Connective Field (CF) modeling extends the classical concept of the receptive field, which is the portion of sensory space that elicits responses when stimulated. That is, the receptive field model describes a function that relates a stimulus to a response. The twist of CF modeling is that it defines this response function in terms of brain activations instead of stimulus parameters: it’s a brain-to-brain model that explains brain responses from other brain responses. The linear CF model explains responses throughout the brain in terms of the spatial pattern of activation on the surface of a topographic brain region.
Specifically, brain responses are modeled as relating to a Gaussian region on the surface, providing several biologically relevant quantifications. Depending on the source region, the location of the peak of the Gaussian region (the first parameter of the CF model) represents a location in visual space, a frequency of sound, or an impression of touch somewhere on the body. That is, the CF model uses sensory topographies to translate brain activations into sensory impressions. Its standard deviation (size, the second parameter of the CF model), expressed in the physical unit of mm on the cortical surface, represents the scale of information integration in the relevant sensory modality.
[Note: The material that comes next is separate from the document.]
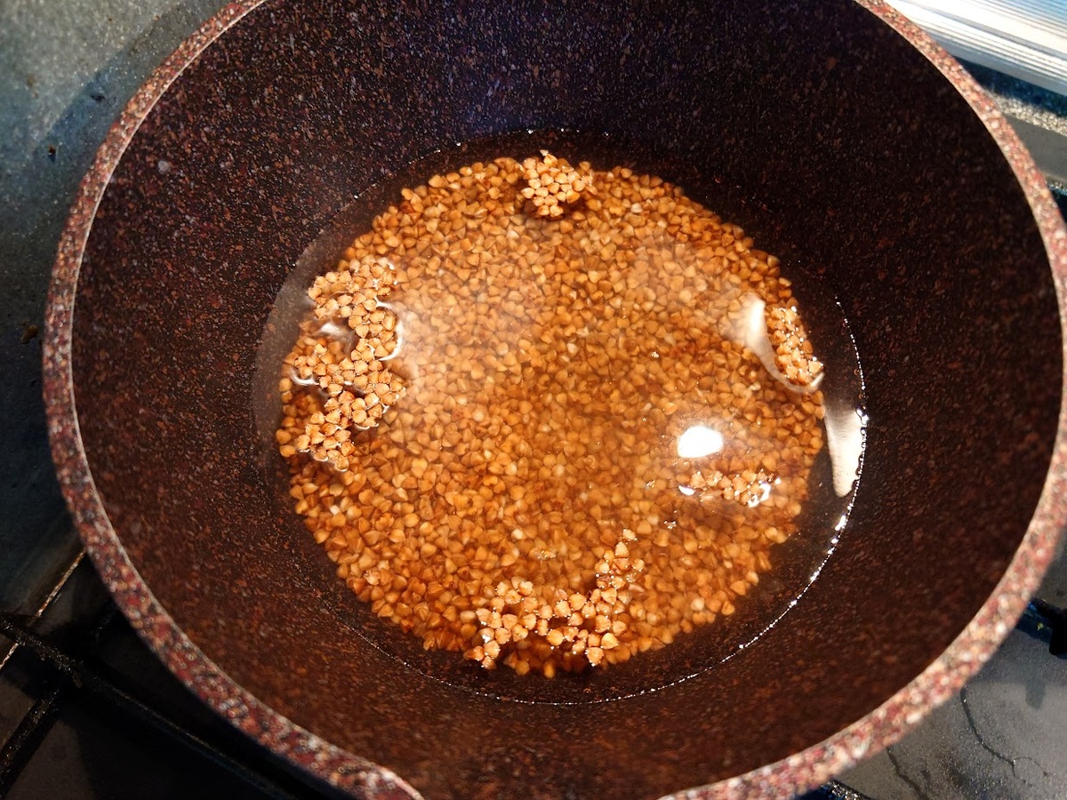 В прошлый раз писала о щах. Сегодня речь о гречневой каше. Как писал знаток русской кулинарии, Вильям Похлебкин, правила кашеварения схожи с математическими – «они точны, ясны, кратки и нетрудны для запоминания». Поэтому действуем так, если хотим приготовить вкусную, рассыпчатую гречневую кашу. В этот раз я взяла 100 грамм сухой крупы. На 100 грамм сухой крупы у меня 200 грамм или 0,2 литра воды (на весах так и оставила граммы). Самое главное в процессе варки каши – не открывать крышку, не мешать, вообще, запретить себе трогать саму кашу. Просто следите за ее состоянием и огнем. Секрет варки каши не в том, что она варится в воде, а в том, что она пропаривается. Поэтому-то так важно строго отмерить объем крупы и воды до начала готовки. В старину гречневую кашу готовили долго. Но не забываем, что это делали в русской печи тогда, когда жар и пыл шли на убыль, а печь остывала после приготовления в ней хлеба. К каше я делаю поджарку из сладкого перца и лука порея. Пассерую на подсолнечном м

The practical power of this computational model is two-fold: First, because CF modelling is based only on brain activations, its parameters can be estimated from the data of any neuroimaging experiment. Second, the model parameters are biologically interpretable, making them relevant for computational theory – as well as possibly clinically relevant.
We have recently published some work with this method, and are planning on bringing out a lot more work based on this method. Our software that does prf fitting has also been adapted to fit connective field models. More on that soon.